*** Opening THE RECORDS ***
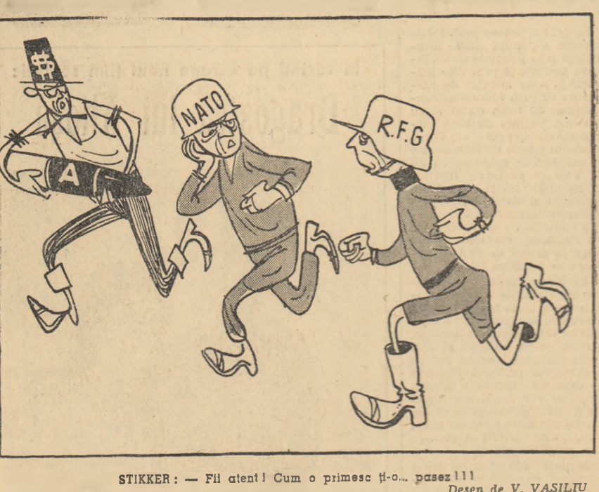
STIKKER: — Fii atent! Cum o primesc și-o... pazez!!! Desen de V. VASILU

rea, nu există o secție a poliției, deoarece aici nu se fură. Aceasta se explică prin faptul că în acest oraș nu ai ce fura, și că avaria aproape a oicărui familii se poate evalua la cel mult cîteva mici monede. Un pat, un primus, cești din lut, o carafă pentru apă, o cratiță și o pătură făcută din țesătură — iată avutul majorității familiilor din acest oraș al cociabelor. Judecați singuri: va fi oare tentat un hoț să-și piardă timpul pentru a fura asemenea „comori”? De aceea în acest oraș al cociabelor toată lumea trăiește liniștită și ușile caselor lor sînt zi și noapte larg deschise.
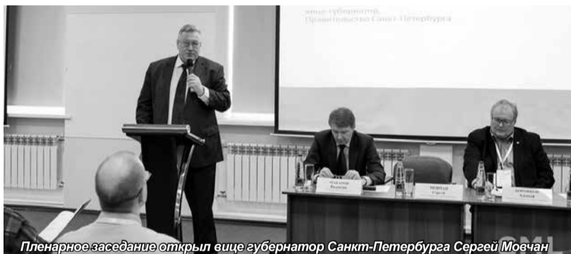
Пленарное заседание открыл вице-губернатор Санкт-Петербурга Сергей Мовчан

После пленарного заседания работа продолжилась по секциям: «Цифровое производство», «Развитие информационных технологий, радиоэлектроники, приборостроения, средств связи и инфотелекоммуникаций», «IT в единой энергетической системе России», «Информационная безопасность», «Импортозамещение IT».
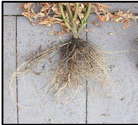
Figure 1.1: Système racinaire de la tomate ( Chaux et Foury, 1994 )

La tomate présente un important système racinaire très ramifié et à tendance fasciculé. Il est très actif sur les 30 à 40 premiers centimètres. De nombreuses racines primaires, secondaires et tertiaires prennent naissance sur un pivot puissant (figure 1.2). Les racines peuvent atteindre une longueur de 85 à 90 cm en sol profond ( Chaux et Foury, 1994 ).
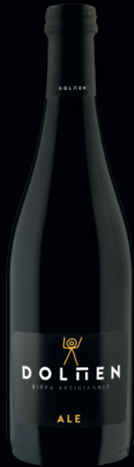
Birra artigianale, stile ALE
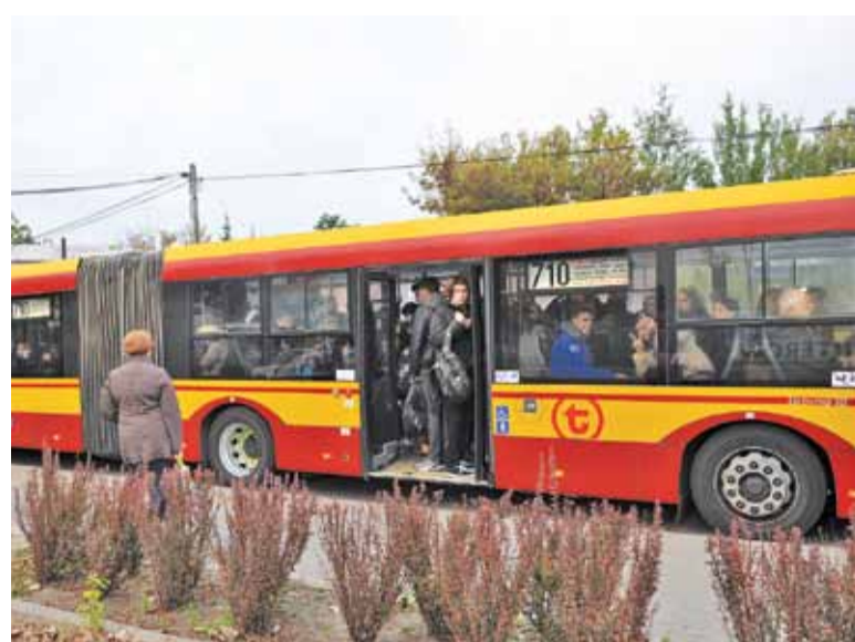
Na przystanku „Polna” po 7 rano ciężko wsiąść do autobusu 710
*** Closing THE RECORDS ***
Write every line above again exactly, but leave the pictures out.

SOLUTION:
STIKKER: — Fii atent! Cum o primesc și-o... pazez!!! Desen de V. VASILU

rea, nu există o secție a poliției, deoarece aici nu se fură. Aceasta se explică prin faptul că în acest oraș nu ai ce fura, și că avaria aproape a oicărui familii se poate evalua la cel mult cîteva mici monede. Un pat, un primus, cești din lut, o carafă pentru apă, o cratiță și o pătură făcută din țesătură — iată avutul majorității familiilor din acest oraș al cociabelor. Judecați singuri: va fi oare tentat un hoț să-și piardă timpul pentru a fura asemenea „comori”? De aceea în acest oraș al cociabelor toată lumea trăiește liniștită și ușile caselor lor sînt zi și noapte larg deschise.
Пленарное заседание открыл вице-губернатор Санкт-Петербурга Сергей Мовчан

После пленарного заседания работа продолжилась по секциям: «Цифровое производство», «Развитие информационных технологий, радиоэлектроники, приборостроения, средств связи и инфотелекоммуникаций», «IT в единой энергетической системе России», «Информационная безопасность», «Импортозамещение IT».
Figure 1.1: Système racinaire de la tomate ( Chaux et Foury, 1994 )

La tomate présente un important système racinaire très ramifié et à tendance fasciculé. Il est très actif sur les 30 à 40 premiers centimètres. De nombreuses racines primaires, secondaires et tertiaires prennent naissance sur un pivot puissant (figure 1.2). Les racines peuvent atteindre une longueur de 85 à 90 cm en sol profond ( Chaux et Foury, 1994 ).
Birra artigianale, stile ALE
Na przystanku „Polna” po 7 rano ciężko wsiąść do autobusu 710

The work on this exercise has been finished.